Whether or not it's "normal" isn't the questions, it's whether or not the marriage is healthy. I'd seek some information and maybe counselling on how the two of you can get back on the same page. Great book is called "His Needs, Her Needs" and lays out 5 basic needs for every man and every woman in a marriage relationship and how when those needs aren't being met, there's unrest, frustration, etc.
And it talks about balancing those needs: He might not complain about the house being a wreck if he was having sex more often, but you might be interested in sex more often if he helped clean the house...
And you've got quite a full plate. If I was working full time again, I'd definitely hire a housekeeper and lawn service. That would be a nonissue. Of course a housekeeper won't come in and do your dishes every night, so you're doing a great thing with having the kids help out with daily chores too. Wonderful!

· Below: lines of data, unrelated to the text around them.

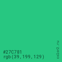 Цвет #27C781 в цветовой модели RGB обозначается тремя октетами (39, 199, 129) в десятичном формате и #27C781 в шестнадцатиричном (hex) формате, которые являются интенсивностью красного 39 (hex 27), интенсивность зелёного 199 (hex C7) и интенсивность синего 129 (hex 81).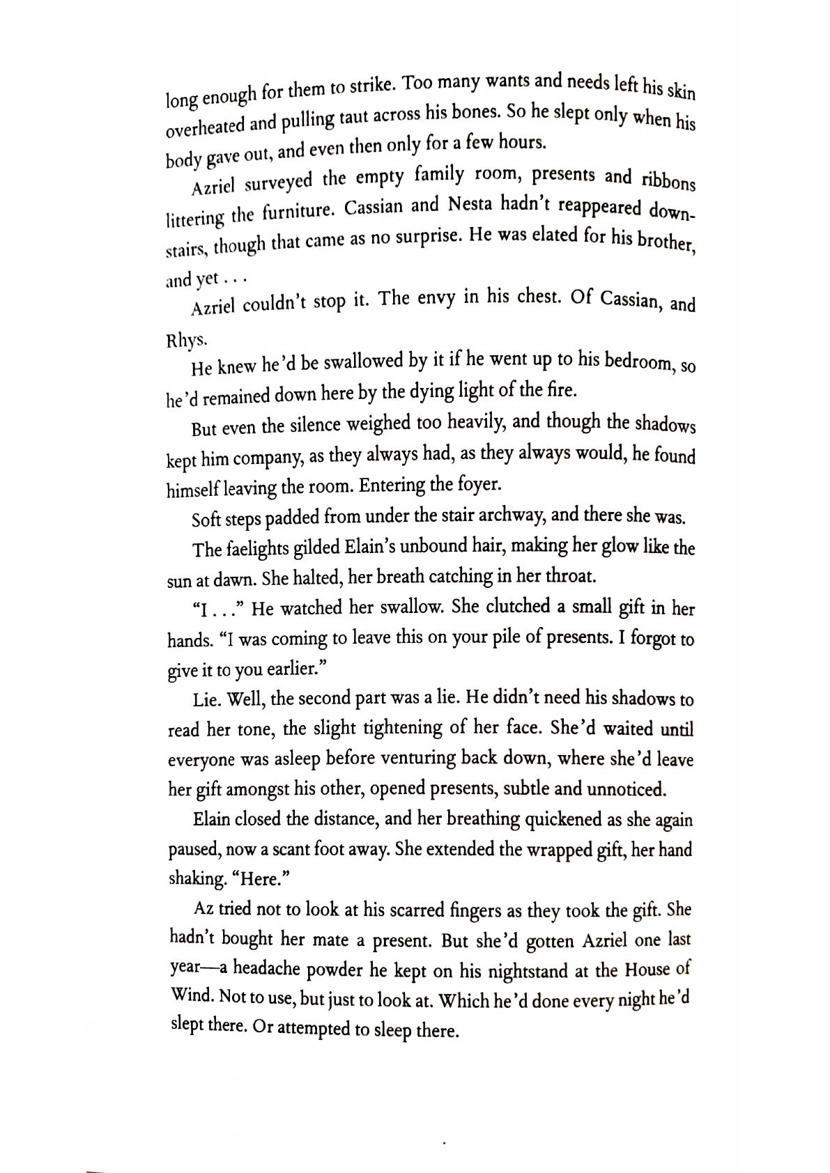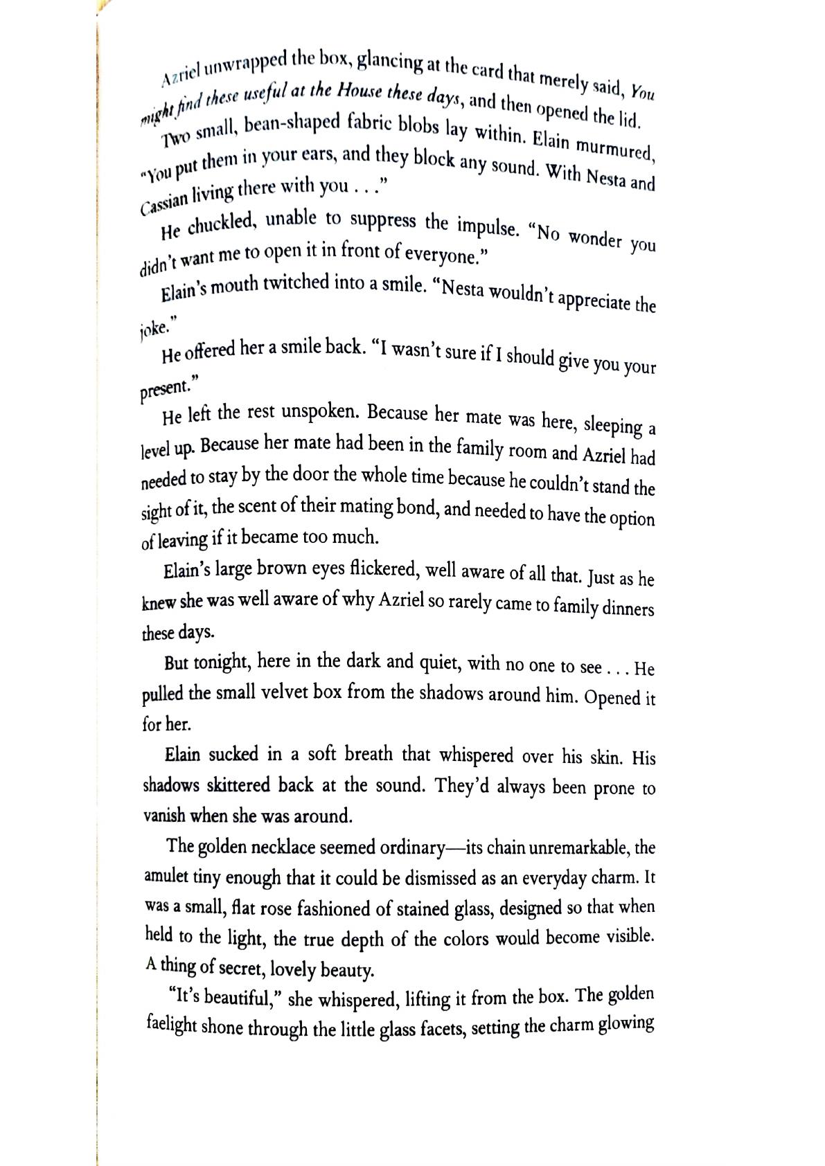 The document describes a quiet moment between Azriel and Elain after a party. Azriel gives Elain a necklace as a gift. They share an intimate moment where Azriel helps Elain put on the necklace and his touch lingers on her neck, arousing them both. Elain considers staying but decides to leave as things have gone too far.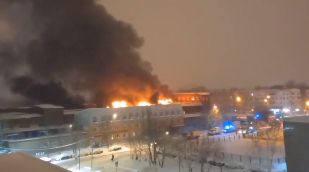 В Москве пылает здание завода специализированных автомобилей: слышны "хлопки"

The "His Needs, Her Needs" book also recognizes that most relationships start to crumble a bit when kids come on the scene, and if both parties aren't careful, things really get out of hand and nobody is satisfied or happy. And the idea of "happy" brings me to another FANTASTIC book called Sacred Marriage. It's the only Chrsitian book on marriage that I've ever come across that "gets it." The author really hits home when he proposes that marriage isn't meant to make you happy, but to make you holy. Two fallen people living in a sinful world are basically destined for destruction (I know, sounds harsh...). You can do the normal thing and complain, get angry with each other, and grow further apart, or find ways to fall "toward" each other.
If you can, I'd see if he would be on board with establishing a regular date night (ours is monthly, but some folks do every other week or weekly -- I'd recommend starting with having one as frequently as you can). Once you've got some time together away from the chaos, hopefully walls will start coming down and y'all can come back together on things. Yes, the relationship and parenting gig is a team effort, but if the team never has a chance to huddle up, no one knows what the rest of the team is doing. It's that kind of lack of communication that makes people lose the game.